Records shown:
==*==
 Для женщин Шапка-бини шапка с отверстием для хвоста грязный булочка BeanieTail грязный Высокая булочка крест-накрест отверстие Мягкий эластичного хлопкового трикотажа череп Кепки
==*==
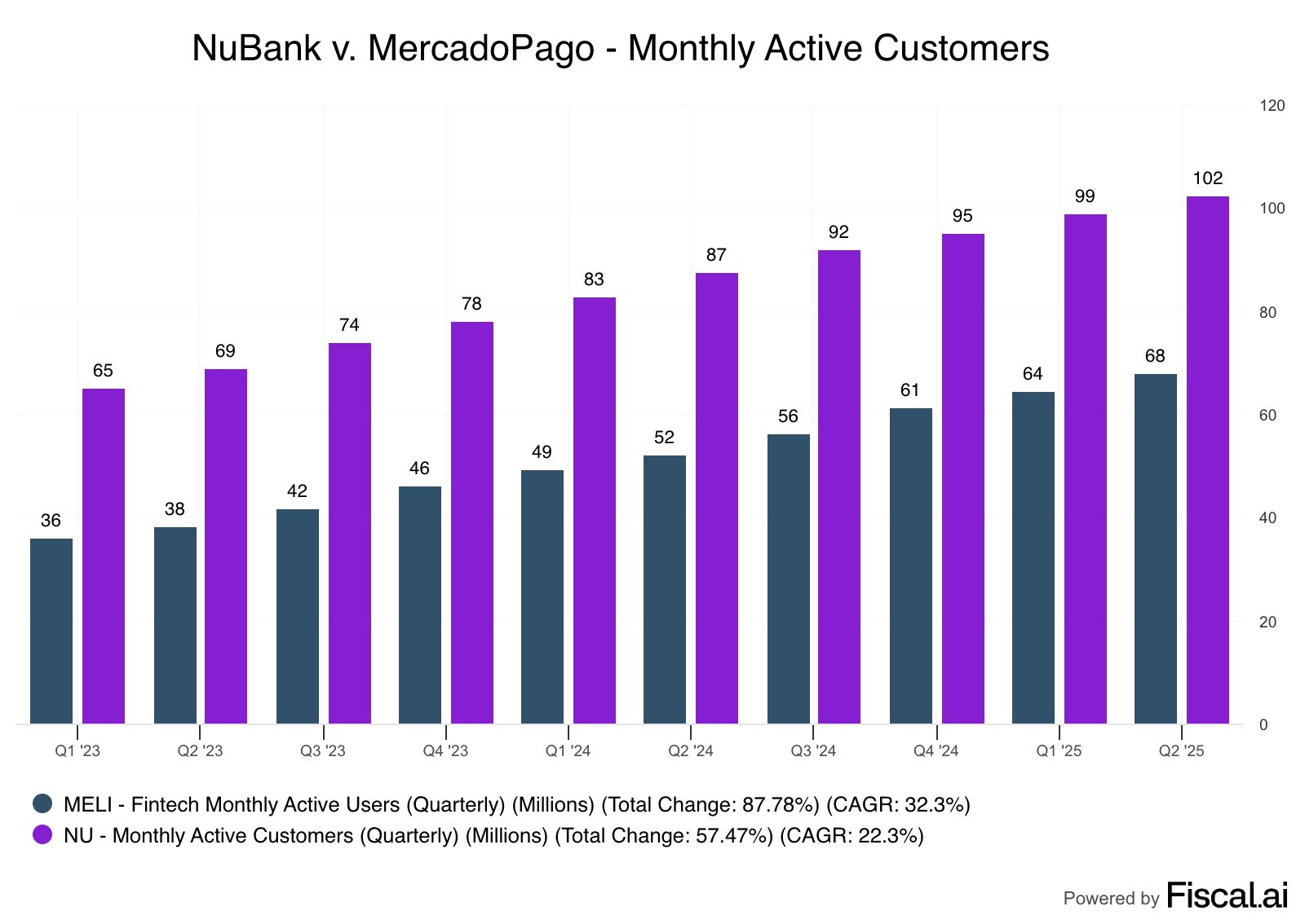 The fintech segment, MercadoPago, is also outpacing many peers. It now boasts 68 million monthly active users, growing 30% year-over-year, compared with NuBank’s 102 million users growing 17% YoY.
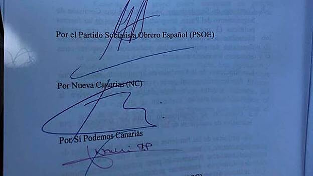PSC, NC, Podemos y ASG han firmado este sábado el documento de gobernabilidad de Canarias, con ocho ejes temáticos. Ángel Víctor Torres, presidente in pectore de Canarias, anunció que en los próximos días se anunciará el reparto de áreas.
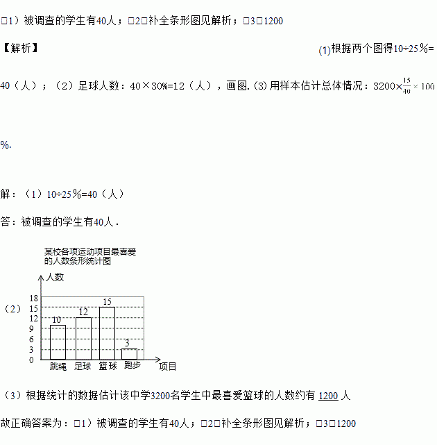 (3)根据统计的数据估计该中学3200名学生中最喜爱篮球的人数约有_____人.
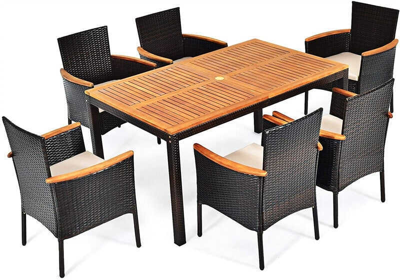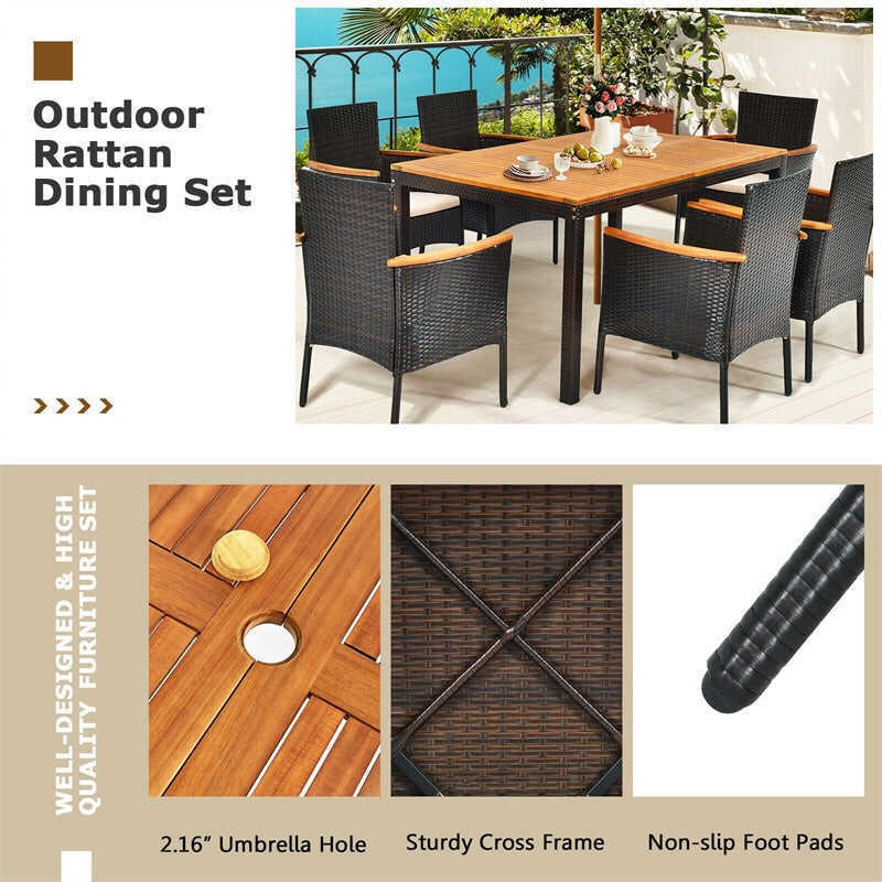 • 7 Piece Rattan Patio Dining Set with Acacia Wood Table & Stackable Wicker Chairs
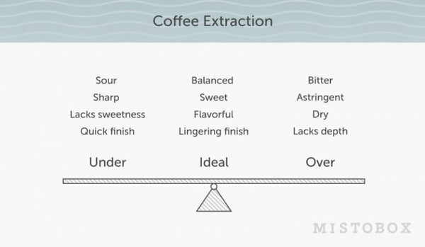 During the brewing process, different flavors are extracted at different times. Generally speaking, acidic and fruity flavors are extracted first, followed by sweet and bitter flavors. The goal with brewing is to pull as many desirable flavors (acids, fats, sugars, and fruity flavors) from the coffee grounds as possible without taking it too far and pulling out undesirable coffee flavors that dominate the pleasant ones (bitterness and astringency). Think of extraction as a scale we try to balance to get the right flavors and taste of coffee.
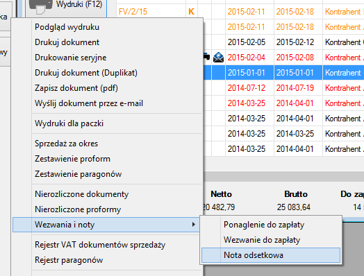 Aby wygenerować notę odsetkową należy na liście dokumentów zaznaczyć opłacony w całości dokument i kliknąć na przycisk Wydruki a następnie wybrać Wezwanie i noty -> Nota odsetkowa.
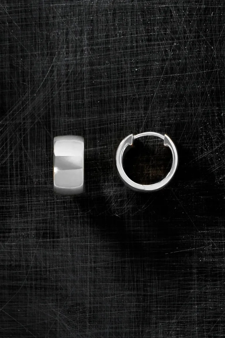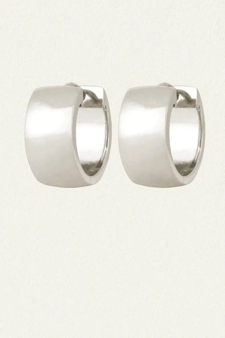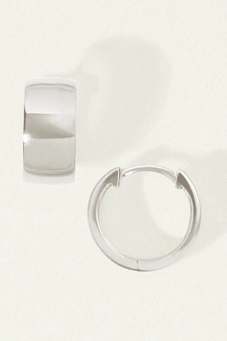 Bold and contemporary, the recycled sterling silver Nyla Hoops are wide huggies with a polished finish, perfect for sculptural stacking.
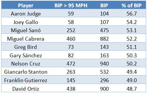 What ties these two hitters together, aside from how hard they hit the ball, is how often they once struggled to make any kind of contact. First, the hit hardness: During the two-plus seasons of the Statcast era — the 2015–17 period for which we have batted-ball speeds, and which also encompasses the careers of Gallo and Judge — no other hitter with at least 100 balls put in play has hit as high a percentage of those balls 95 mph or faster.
==*==
What is required: The answer is the lines of the material above, from the one containing "During the brewing" down to the one containing "Bold and contemporary, the", given exactly and without images.

Exercise result:
 During the brewing process, different flavors are extracted at different times. Generally speaking, acidic and fruity flavors are extracted first, followed by sweet and bitter flavors. The goal with brewing is to pull as many desirable flavors (acids, fats, sugars, and fruity flavors) from the coffee grounds as possible without taking it too far and pulling out undesirable coffee flavors that dominate the pleasant ones (bitterness and astringency). Think of extraction as a scale we try to balance to get the right flavors and taste of coffee.
 Aby wygenerować notę odsetkową należy na liście dokumentów zaznaczyć opłacony w całości dokument i kliknąć na przycisk Wydruki a następnie wybrać Wezwanie i noty -> Nota odsetkowa.
 Bold and contemporary, the recycled sterling silver Nyla Hoops are wide huggies with a polished finish, perfect for sculptural stacking.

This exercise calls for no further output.